Is the extraction model the same as the synthesis model? No. Extraction and enrichment use GPT-4o-mini (lower cost, since these are classification and annotation tasks). Synthesis uses Gemini 3 Flash. Reranking and query expansion use Claude Haiku 4.5. Each model is selected for the task, not shared across all calls.

What's in the prompt cache? The compiled template content — the fully loaded YAML, ready to be formatted with the question and sections. TTL is long; the cache gets flushed when templates are updated, which prevents stale prompts from serving even after a file change.
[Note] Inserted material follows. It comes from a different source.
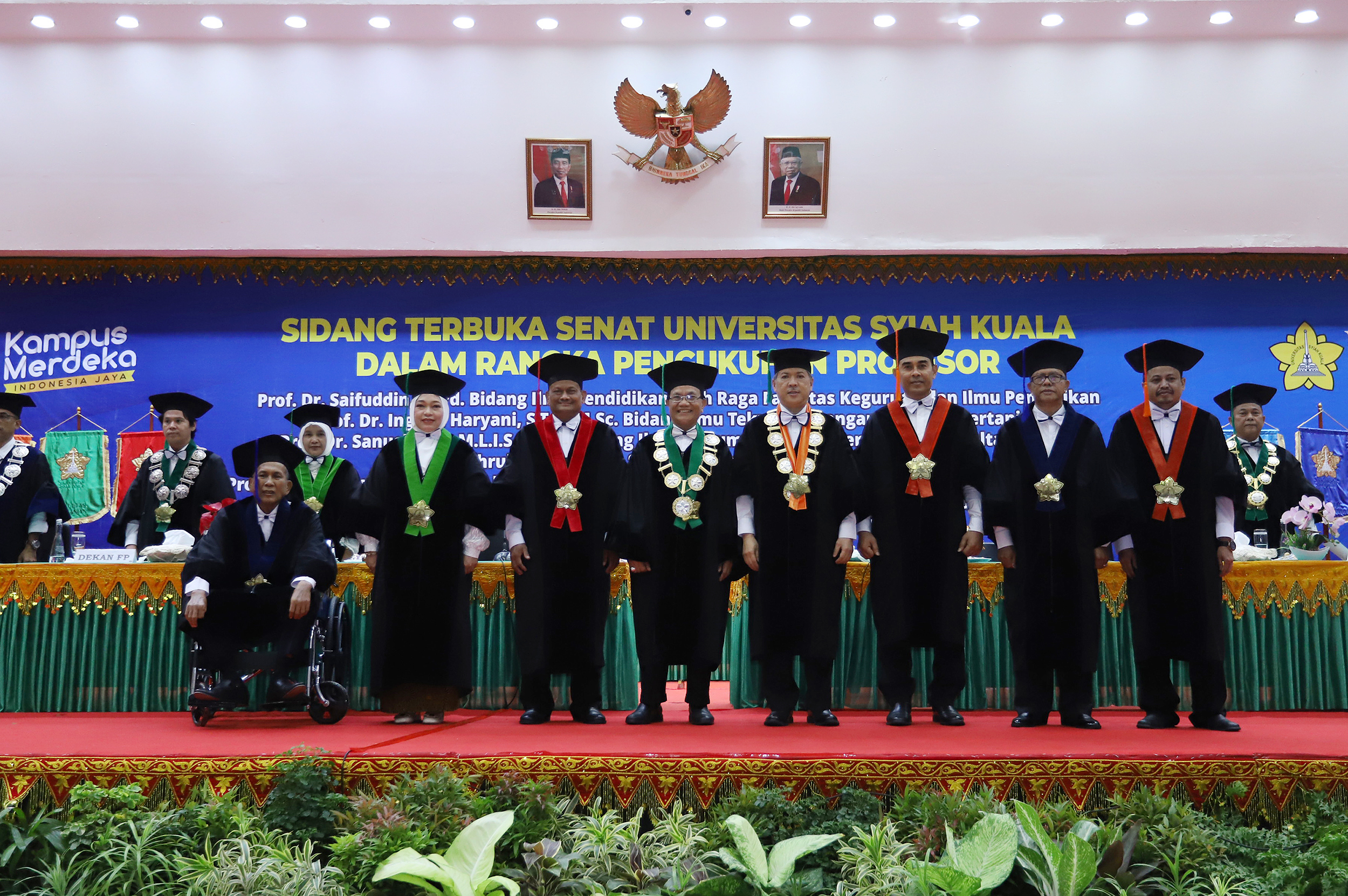 Mereka yang dikukuhkan kali ini adalah Prof. Dr. Saifuddin, M.Pd, Prof. Dr. Ing. Sri Haryani, S.T.P., M.Sc, Prof. Dr. Sanusi, S.H., M.L.I.S., LL.M, Prof. Dr. Zahrul Fuadi, S.T., M.Sc, Prof. Dr. Drs. Yusri Yusuf, M.Pd dan Prof. Dr. Ing. Teuku Edisah Putra, M.Sc., Ph.D.
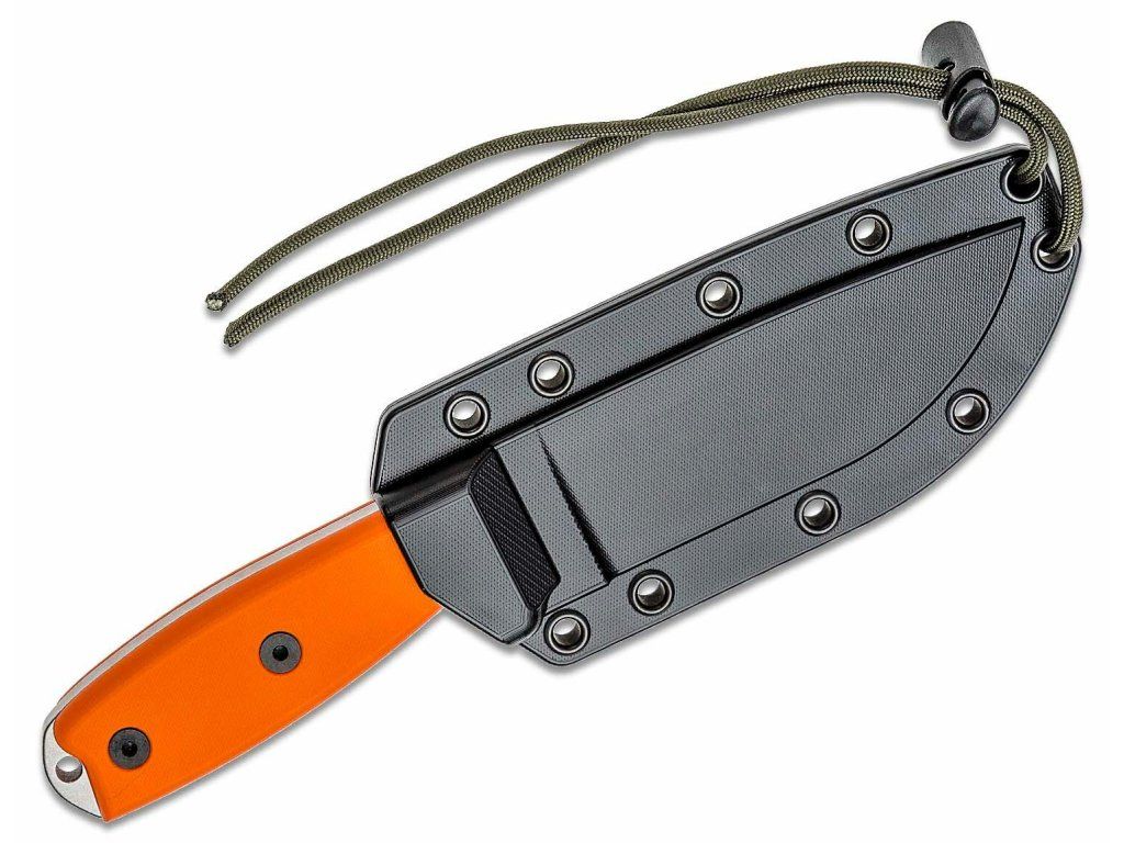 Rukoväť je z materiálu G10 oranžovej farby, v spodnej časti má krúžok na kľúče.

Autonomous quality optimisation

The prompt templates don't only change when a developer edits them. A separate service — the quality-optimizer — runs a nightly cycle that evaluates recent interactions and proposes targeted improvements.

The loop:

Triage selects real, completed interactions (filtering out test messages, errors, and unsupported languages).
An LLM-as-judge scores each interaction across four dimensions: accuracy (does the answer match the rulebook?), completeness (is anything missing?), format (is the structure right for the question type?), and relevance (did the answer stay on topic?).
The judge identifies which template file produced the answer and what specific issue, if any, occurred.
If a pattern of issues is found — e.g. EDGE_CASE answers consistently missing conditionality checks — a proposal is generated: a diff against the current YAML file with targeted additions.
The proposal is validated against a 40-question test battery. Score before and after are compared. If the improvement exceeds 8% and no questions regress more than the allowed tolerance, the change is auto-applied. If the improvement is between 3% and 8%, it goes to a human for approval via /admin/quality. Below 3%, the proposal is blocked.
On application: the YAML file is overwritten, the prompt cache is flushed, and the orchestrator service restarts. A git commit records the diff with a standardised message.

This design means the seven category-specific templates can tighten over time without manual intervention after every reported edge case.